Given that the in vivo host response to Pg is MyD88-independent (Burns et al., 2010), we hypothesized that PI3K acts downstream of C5aR and TLR2 to promote inflammation. We therefore assessed induction of proinflammatory cytokines (IL-1β, IL-6, and TNF) in the chambers of Pg-inoculated WT mice in the presence of LY294002 or LY303511 control. LY294002 (but not LY303511) inhibited the inflammatory responses, thereby implicating PI3K in the process (Figure 4F). A similar but less pronounced PI3K-depedent effect was observed when Pam3CSK4 was injected in the chambers in lieu of Pg (Figure S3C).

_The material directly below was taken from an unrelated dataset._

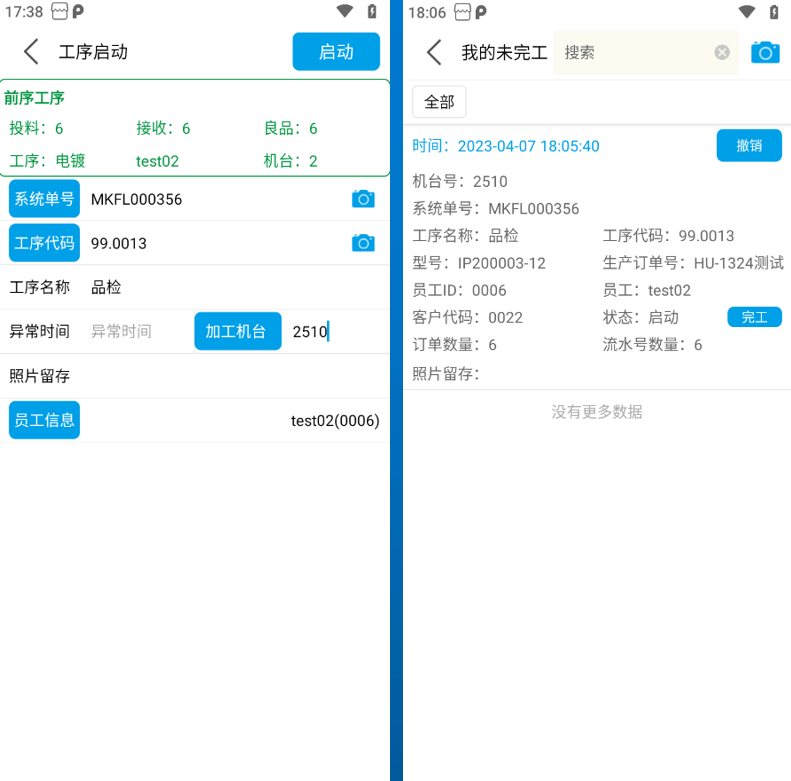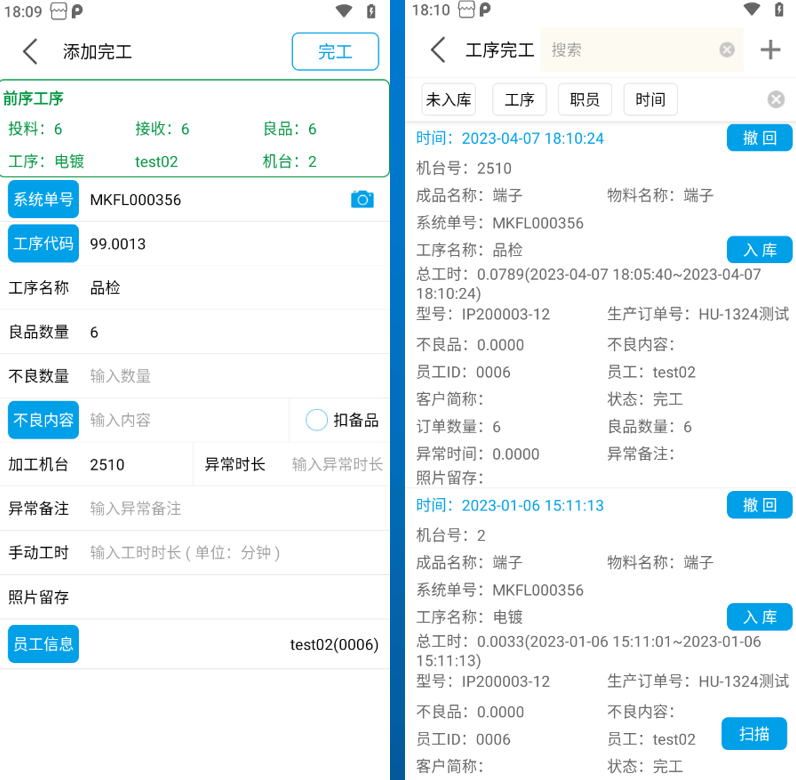 由被派工职员操作,打开工序扫码过程表,选择自己的职员信息,切换至启动选项,如确认无误,点击完工,并填写良品数量,工废数量(不良品数量,如果没有请填写0),料废数量(不良品他责数量,如果没有请填写0)点击确定即可。

The mechanism by which the C5aR-TLR2-PI3K pathway inhibited Pg phagocytosis involved inhibition of actin polymerization, a process required for phagocytosis. Indeed, C5aRA, anti-TLR2, and LY294002 (but not their respective controls) promoted Pg-induced actin polymerization (Figure 4G), suggesting that Pg suppresses actin polymerization when the C5aR-TLR2-PI3K pathway remains functional. Pg also suppressed the activation of RhoA (Figure 4H and Figure S3D), a key regulator of actin polymerization (Wiedemann et al., 2006). The ability of Pg to prevent RhoA activation was counteracted by C5aRA, anti-TLR2, and LY294002 (but not their respective controls) as shown by an ELISA-based assay that measures the levels of GTP-loaded RhoA (Figure 4H) or a related pull-down assay (Figure S3D). Taken together, Pg inhibits phagocytosis by exploiting C5aR/TLR2-dependent PI3K signaling which suppresses RhoA activation and actin polymerization. Consistent with in vivo mouse data (Figure 4F), LY294002 inhibited inflammatory cytokine responses by Pg-stimulated human neutrophils, as did treatments with C5aRA or anti-TLR2 (Figure 4I). In summary, Pg escapes phagocytic killing and induces inflammatory responses in neutrophils by activating PI3K in a way dependent upon C5aR and TLR2 but not MyD88.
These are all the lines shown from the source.